There are many Supply-Side Liberal Heroes (1, 2, 3, 4, 5, 6, and with some additional fortitude, 7), but up until now, there was only one declared Supply-Side Liberal saint: Adam Smith, the Patron Saint of Supply-Side Liberalism. (Since July 30, 2012 no one has ventured a serious devil’s advocate case about Adam Smith.) Today, I want to declare another: Clay Christensen. To be a Supply-Side Liberal Saint, one must be both a Supply-Side Liberal hero and of unimpeachable character.
From conversations, I have found that Clay Christensen is not well known among economists, but he should be. First of all, in our sister field of business, Clay is at the very top. For example, in November 2013, Clay won the award for top management thinker in the world for the second time in a row in the once-every-two-years Thinkers50 award. Andrew Hill described it this way in the Financial Times:
But the climax was Thinkers50′s “Best Picture” award – for the management thinker judged most influential – which went to Clayton Christensen, author of The Innovator’s Dilemma and perhaps the nicest man ever to lecture at Harvard Business School.

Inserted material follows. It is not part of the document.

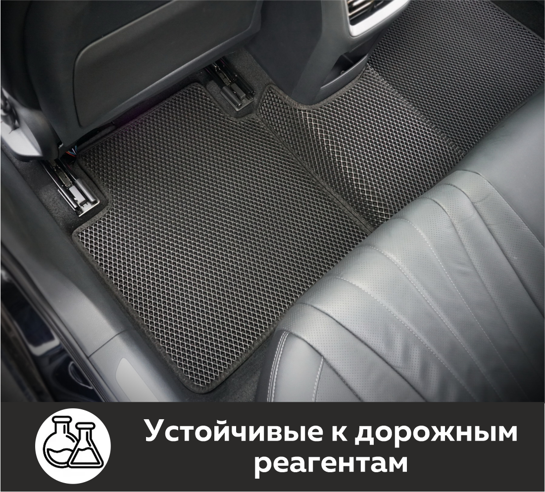 Коврики EVA всесезонные. Их можно использовать зимой, так как они не трескаются на морозе и остаются пластичными до -50 °С. А также летом, так как они не выделяют запаха на жаре до +50 °С. Зимой коврики спокойно выдерживают контакт с дорожными реагентами. Материал абсолютно непромокаемый. Ячеистая структура коврика эффективно собирает снег, грязь, песок, пыль круглый год.

Second, Clay’s theory of disruptive innovation counts as powerful economic theory that explains much about the world we live in. There is a rigor to it that goes far beyond all the other bits of management theory I have encountered. But it is reading his books that will convince you. Here is not only great insight, but also helpful approaches to many of our most pressing problems. In the last few months I have devoured this much of his body of work:
- The Innovator’s Dilemma: When New Technologies Cause Great Firms to Fail
- The Innovator’s Solution: Creating and Sustaining Successful Growth
- The Innovator’s DNA: Mastering the Five Skills of Disruptive Innovators
- Disrupting Class, Expanded Edition: How Disruptive Innovation Will Change the Way the World Learns
- The Innovative University: Changing the DNA of Higher Education from the Inside Out
- The Innovator’s Prescription: A Disruptive Solution for Health Care
All of that is enough to make Clay a hero, but how does Clay pass the devil’s advocate’s gauntlet to be made a saint? That is, how can I be so confident I won’t be embarrassed by a future revelation about some skeleton in Clay’s closet? First, as you can see from the quotation above, many people think Clay is one of the nicest men they have ever met. I am among them. Back in 1977, when I was headed to Harvard as a freshman, and Clay was headed to the first year of his MBA program, I carpooled across the country from Utah with him, and then stayed with him for a week or so until I could get into my new dorm room. That time with Clay made an unforgettable impression on me. I had no idea how eminent he would become, but I knew how good he was. I have hardly seen Clay since then, and haven’t had any serious conversations with Clay since 1977, but other observers (including my daughter, Diana, who was a student in his class in the second year of her MBA program) still attest to his goodness. And I have the advantage of the vetting he has undergone for relatively high office in the Mormon church, which screens for many types (though not all types) of sins.
In the coming months (which may stretch into years given the volume of his work) I plan to feature the work of Clay and his coauthors in a slow, thoroughgoing, methodical way, much as I have featured John Stuart Mill's On Liberty. Like On Liberty, Clay’s work is worth cutting to pieces–blog-post-sized morsels, ready for delectation.